Items from a data source:
----------------------------------------

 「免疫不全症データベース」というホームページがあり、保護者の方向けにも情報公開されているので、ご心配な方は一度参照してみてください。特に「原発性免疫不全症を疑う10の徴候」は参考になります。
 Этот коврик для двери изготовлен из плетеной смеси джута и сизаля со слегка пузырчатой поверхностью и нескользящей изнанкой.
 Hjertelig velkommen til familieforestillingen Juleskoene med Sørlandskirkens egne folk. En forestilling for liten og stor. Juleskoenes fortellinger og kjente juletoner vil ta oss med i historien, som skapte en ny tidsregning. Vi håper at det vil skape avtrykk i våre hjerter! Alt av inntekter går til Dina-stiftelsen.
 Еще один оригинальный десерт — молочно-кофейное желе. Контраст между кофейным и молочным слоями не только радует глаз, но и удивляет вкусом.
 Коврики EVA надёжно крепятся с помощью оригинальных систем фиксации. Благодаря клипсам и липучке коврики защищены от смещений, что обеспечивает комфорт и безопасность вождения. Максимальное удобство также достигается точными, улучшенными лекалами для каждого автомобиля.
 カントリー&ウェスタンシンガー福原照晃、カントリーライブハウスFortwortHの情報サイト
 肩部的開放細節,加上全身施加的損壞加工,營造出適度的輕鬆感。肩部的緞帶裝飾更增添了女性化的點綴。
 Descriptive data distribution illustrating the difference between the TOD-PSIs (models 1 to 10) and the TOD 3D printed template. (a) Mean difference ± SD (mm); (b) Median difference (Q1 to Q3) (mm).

----------------------------------------

• DIRECTIONS
Retype each of the preceding records exactly as printed.

• RESPONSE BOX
 「免疫不全症データベース」というホームページがあり、保護者の方向けにも情報公開されているので、ご心配な方は一度参照してみてください。特に「原発性免疫不全症を疑う10の徴候」は参考になります。
 Этот коврик для двери изготовлен из плетеной смеси джута и сизаля со слегка пузырчатой поверхностью и нескользящей изнанкой.
 Hjertelig velkommen til familieforestillingen Juleskoene med Sørlandskirkens egne folk. En forestilling for liten og stor. Juleskoenes fortellinger og kjente juletoner vil ta oss med i historien, som skapte en ny tidsregning. Vi håper at det vil skape avtrykk i våre hjerter! Alt av inntekter går til Dina-stiftelsen.
 Еще один оригинальный десерт — молочно-кофейное желе. Контраст между кофейным и молочным слоями не только радует глаз, но и удивляет вкусом.
 Коврики EVA надёжно крепятся с помощью оригинальных систем фиксации. Благодаря клипсам и липучке коврики защищены от смещений, что обеспечивает комфорт и безопасность вождения. Максимальное удобство также достигается точными, улучшенными лекалами для каждого автомобиля.
 カントリー&ウェスタンシンガー福原照晃、カントリーライブハウスFortwortHの情報サイト
 肩部的開放細節,加上全身施加的損壞加工,營造出適度的輕鬆感。肩部的緞帶裝飾更增添了女性化的點綴。
 Descriptive data distribution illustrating the difference between the TOD-PSIs (models 1 to 10) and the TOD 3D printed template. (a) Mean difference ± SD (mm); (b) Median difference (Q1 to Q3) (mm).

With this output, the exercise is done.